What you're watching for during this phase is court chemistry. Do you communicate naturally, or does every middle ball cause a moment of confusion? Pickleball Nation notes that up to 75% of rally errors in doubles stem from poor coordination — not missed shots, but missed communication. A partner who naturally calls the ball, signals their intentions, and keeps positive energy between points is rare. When you find one, you'll know.
Top Sources of Doubles Errors
Watch for what happens after a bad point. Selkirk Sport asks the right question: would your partner call you "the best teammate ever"? Not the best player — the best teammate. Those are different things entirely. A partner who fist bumps after your miss and says "let's go" instead of going quiet is worth three rating points on paper.
Also pay attention to what happens when you play poorly. Some players shrink. Others blame the wind. The ones worth committing to keep their eyes up and their energy steady regardless of the scoreboard.
Do a few of these informal sessions before you say anything about playing together in an official capacity. Let the court tell you what it knows.
The DTR Conversation

The DTR Conversation
"Defining the relationship" — the moment you go from playing together casually to acknowledging that you're actual partners — is the conversation David was really talking about. And it is genuinely delicate.
Even at the pro level, this is navigated mostly through subtext and implication. The Dink's reporting on Ava Ignatowich and Camila Zilveti reveals a partnership culture built on Instagram DMs and assumed understandings — no formal agreements, no clear timelines. Zilveti once emailed a potential partner and it came across as strange, because the unspoken rule is that these conversations happen casually and incrementally.

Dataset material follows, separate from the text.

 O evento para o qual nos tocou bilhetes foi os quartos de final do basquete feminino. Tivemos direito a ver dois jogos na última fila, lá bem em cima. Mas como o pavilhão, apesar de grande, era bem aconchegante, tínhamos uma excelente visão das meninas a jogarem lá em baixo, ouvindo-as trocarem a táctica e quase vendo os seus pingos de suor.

For amateurs, the path usually looks something like this:
The Partner Commitment Arc
The key insight in that progression: most of the drop-off happens between "informal regulars" and "first tournament together." That's the DTR moment — and the reason so many promising partnerships stall there is that nobody wants to be the one to say it out loud first.

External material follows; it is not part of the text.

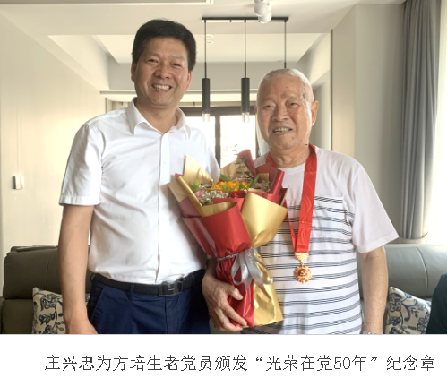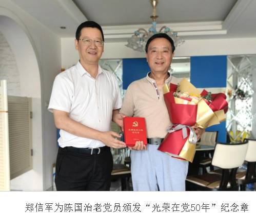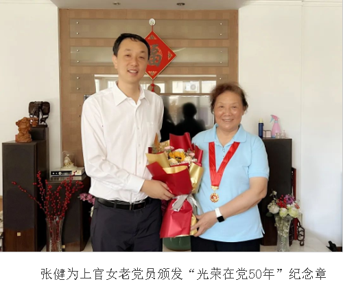 在党的102周年华诞之际,为表达对老党员的关怀和敬意,进一步增强老党员的荣誉感、归属感和使命感,近日,日本a片 党委书记张健,党委副书记庄兴忠,党委委员、副校长蔡曙光,党委委员、组织部部长郑信军等同志亲切看望4位党龄满50周年且一贯表现良好的老党员,为他们颁发“光荣在党50年”纪念章,并致以亲切的问候和崇高的敬意。

A few things that help: lead with a specific event rather than a general ask. "Want to enter the Dinkers spring ladder with me in April?" is easier to respond to than "do you want to be my partner?" Give them an easy out if the timing doesn't work. And if they say yes, agree explicitly on a few things before you show up: who covers the middle on the forehand side, whether you're stacking, and — most importantly — what a bad day looks like for each of you and how you want to handle it. Six Zero recommends creating a simple reset phrase together — something like "new point, new opportunity" — so you have a shared language before the pressure arrives.
When It's Not Working

When It's Not Working
Some partnerships don't survive the first tournament. That's normal. The question is whether you handle the exit with the same care you brought to the beginning.
Empower Pickleball makes the important distinction between saving and trusting. Over-accommodating partners — poaching balls that aren't yours, drifting into your partner's lane, taking over when they're struggling — erodes trust rather than building it. By the time it feels like the partnership isn't working, that pattern is usually already established. If you recognize it happening, it's worth naming before you walk away.
The pickleball community in Rochester is small enough that how you handle a partnership ending matters. A simple "I think we're at different stages with where we want to take our game — I really appreciate playing with you" is enough. The court is too small for burned bridges.
What I find interesting about all of this is that it mirrors what David described so well: the whole arc, from first court chemistry to the DTR conversation to the ending, is just a relationship with a paddle in it. And the same things that make any relationship work — honesty, trust, paying attention — are exactly what makes a doubles partnership work too.
The right partner is already at one of these courts. You've probably already played with them. The only thing left is paying attention.